Ivan bahkan sempat berkelakar alasan tidak ingin sekamar dengan Ruben karena khawatir keduanya terlalu banyak bercanda.
Umrah Malam Hari
Setibanya di Tanah Suci, rombongan dijadwalkan melaksanakan umrah pada malam hari. Keputusan itu diambil karena suhu siang mencapai 49 derajat Celsius.
“Kami sudah ganti ihram di pesawat. Rencananya umrah malam karena situasinya sedang panas. Dari travel juga diatur supaya ibadah lebih nyaman dan khusyuk,” ujar Ivan.
Ia menilai arahan dari pihak travel perlu diikuti demi keselamatan dan kenyamanan seluruh jemaah.
“Travel lebih tahu kondisinya. Jangan ambil risiko. Supaya ibadah sampai tuntas, kita harus tertib mengikuti arahan,” katanya.
Doa Ruben untuk Anak
Menjelang keberangkatan, Ruben sempat bertemu anak-anaknya. Ia mengaku bersyukur dapat melepas rindu meski pertemuan berlangsung singkat.
“Alhamdulillah tetap disyukuri. Akhirnya bisa bertemu dengan anak-anak,” ujar Ruben.
Ruben mengatakan seluruh perjalanan hidupnya kini ia serahkan kepada Allah melalui doa.
“Kalau Allah sudah mengatur semuanya, itu pasti jalan yang terbaik,” katanya.
Ia juga memastikan anak-anaknya selalu menjadi bagian dari doa yang dipanjatkan.
“Semua orang tua pasti selalu ada nama anak dalam doanya.
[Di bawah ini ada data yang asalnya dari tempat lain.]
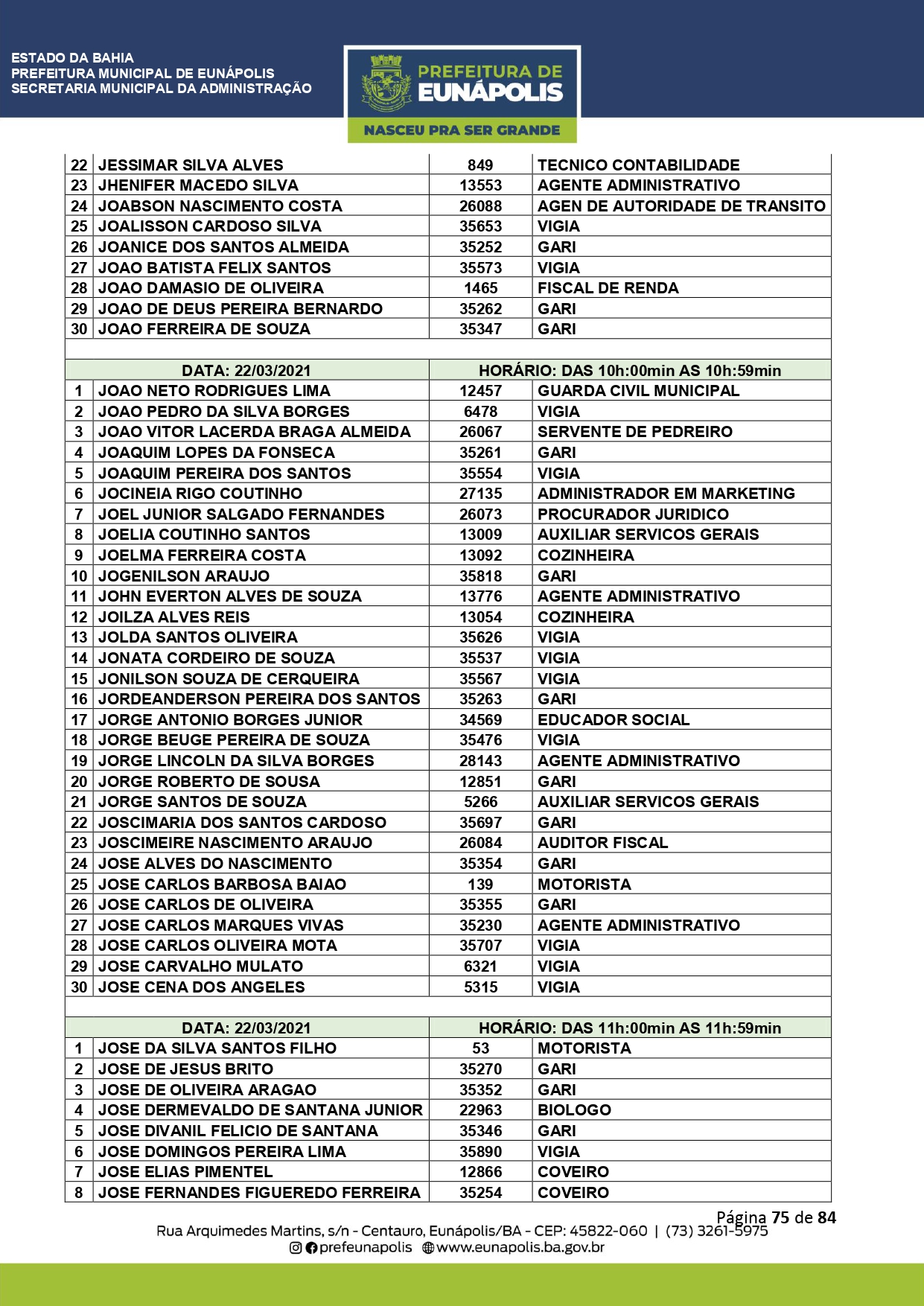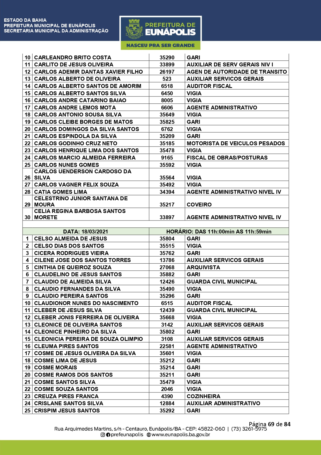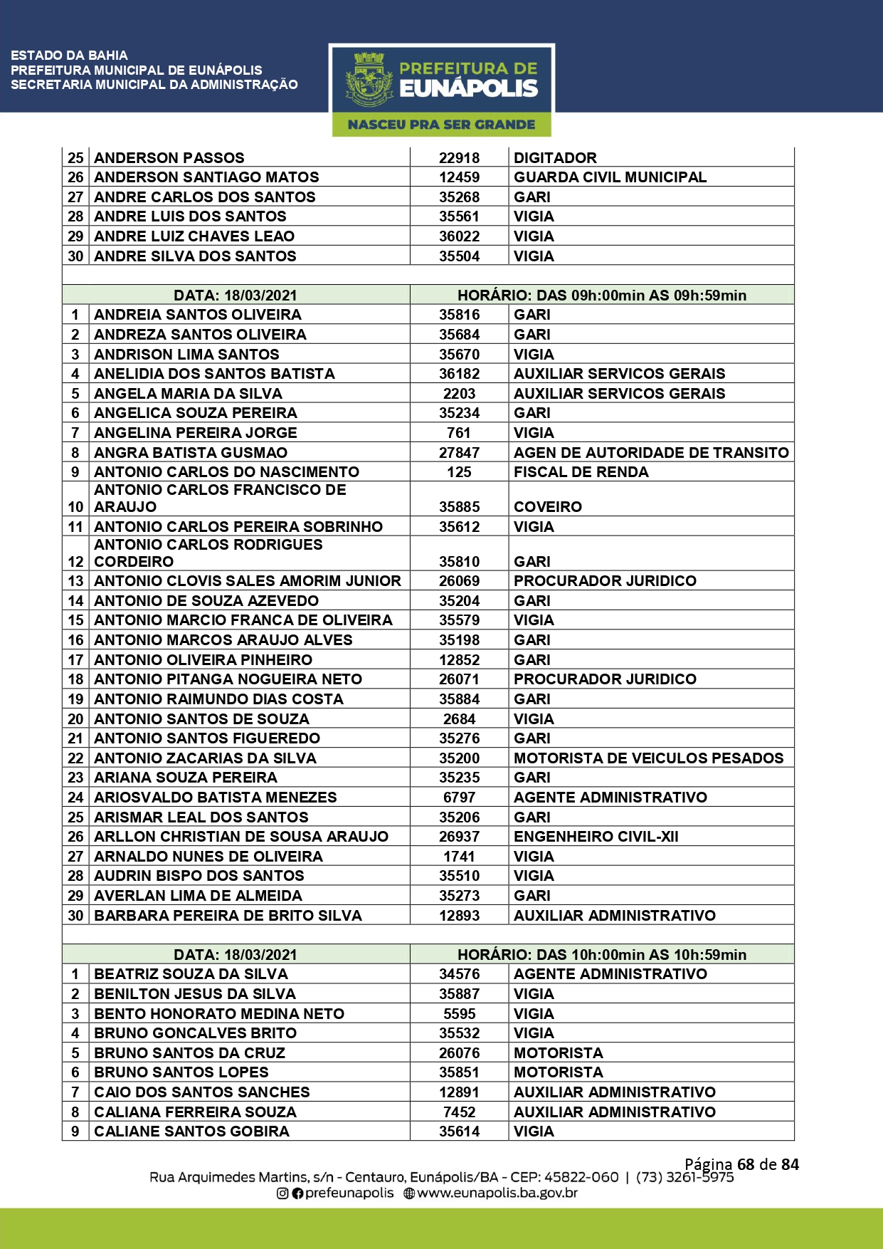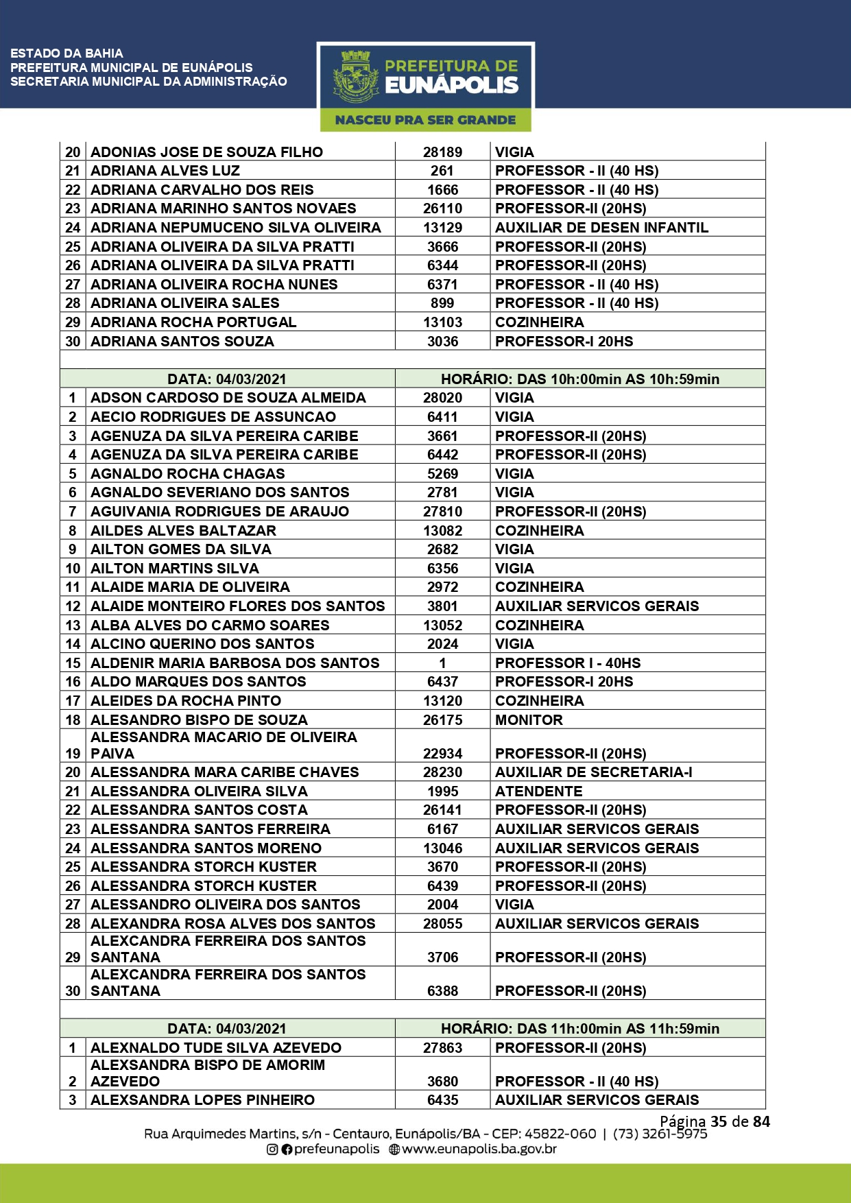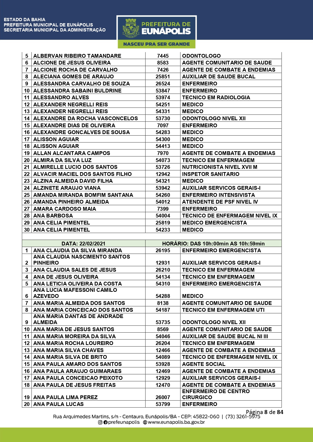 A Prefeitura de Eunápolis informa sobre o recadastramento dos colaboradores efetivos e os que estão em regime de contratação temporária (seletivados). O procedimento, inicialmente programado para o final de janeiro, foi suspenso e agora ocorrerá no período entre 22/02 e 24/03/2021, no horário das 08:00h às 13:00h, no Ginásio de Esportes, situado na Rua Archimedes Martins, 567, bairro Centauro. O atendimento dos servidores será realizado por meio de agendamento, em ordem alfabética, apenas nos dias e horários especificados no cronograma definido por meio da Portaria Nº. 034/2021, publicada hoje, 12, no Diário Oficial do município.

Mudah-mudahan apa yang saya sampaikan semuanya menjadi hal-hal yang baik untuk anak-anak saya,” ucap Ruben.
Ruben berharap umrah keempatnya kali ini kembali menghadirkan pengalaman berharga yang bisa menjadi kenangan baik dalam hidupnya.
“Empat umrah ini semuanya punya cerita. Mudah-mudahan umrah yang keempat ini juga membawa banyak kenangan yang baik,” tuturnya.
Ivan menambahkan, salah satu hal yang paling ia sukai saat berada di Makkah adalah suasana kesetaraan seluruh jemaah.
“Semuanya sama di mata Allah. Tidak ada kasta. Semua datang dengan cerita masing-masing,” katanya.